Former Florida Governor Jeb Bush, who finished fourth in Saturday’s primary in South Carolina, says he is suspending his campaign for the Republican presidential nomination.
Bush, who at one point appeared likely to become the Republican nominee until the sudden rise of rival Donald Trump, said he was “proud” of his campaign to advocate for conservative solutions. “But the people of Iowa, and New Hampshire, and South Carolina, have spoken, and I really respect their decision, so tonight I am suspending my campaign,” he told supporters.
Bush served as Governor of Florida between 1999 and 2007 and was for years mentioned as a possible candidate for the 2016 election. He officially launched his campaign with a speech at Miami Dade College in Florida in June 2015, but he had already indicated six months earlier that he was “actively exploring” a White House bid.
“When I began this journey in Miami, I committed that I would campaign as I would serve: Going everywhere, speaking to everyone, keeping my word, facing the issues without flinching, and staying true to what I believe,” Bush said. “For the better part of a year I’ve endeavored to do just exactly that. I’ve put forth a vision for America that includes all because our country deserves a president for everyone. The presidency is bigger than any one person, and it’s certainty bigger than any candidate.”
Bush also appeared to hit out against Trump, who has repeatedly attacked him, though Bush did not mention Trump by name in Saturday’s speech. “I firmly believe the American people must entrust this office to someone who understands that whoever holds it, is a servant, not the master. Someone who will commit to that service with honor and decency.”

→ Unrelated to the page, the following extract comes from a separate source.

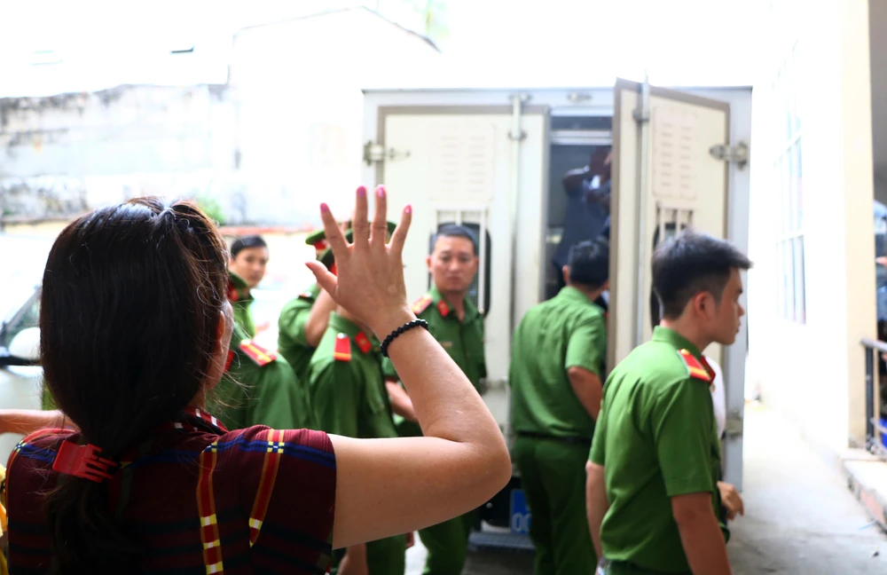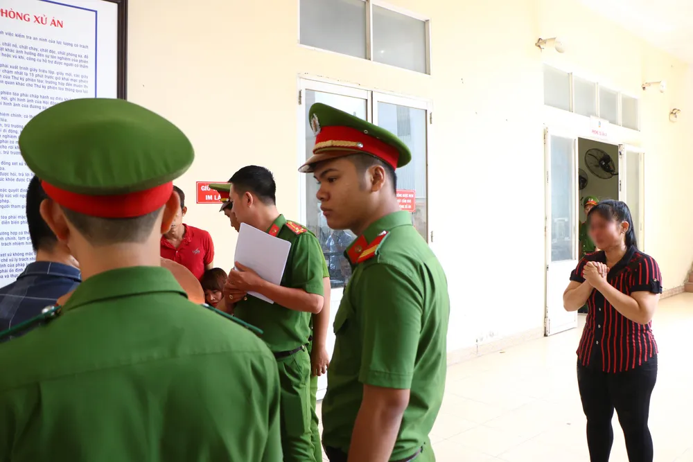 Mẹ của bị cáo Huỳnh Minh Trí khóc nức nở nhìn con từ phía xa.

Amid continuing attacks from Trump who branded the former governor as “low energy”, Bush had failed to gain momentum during the presidential primaries, failing to win any significant support in either Iowa or New Hampshire. That scenario repeated itself on Saturday, when Bush finished fourth in South Carolina with only 7.9 percent of the vote, according to preliminary results. Trump won with 32.6 percent.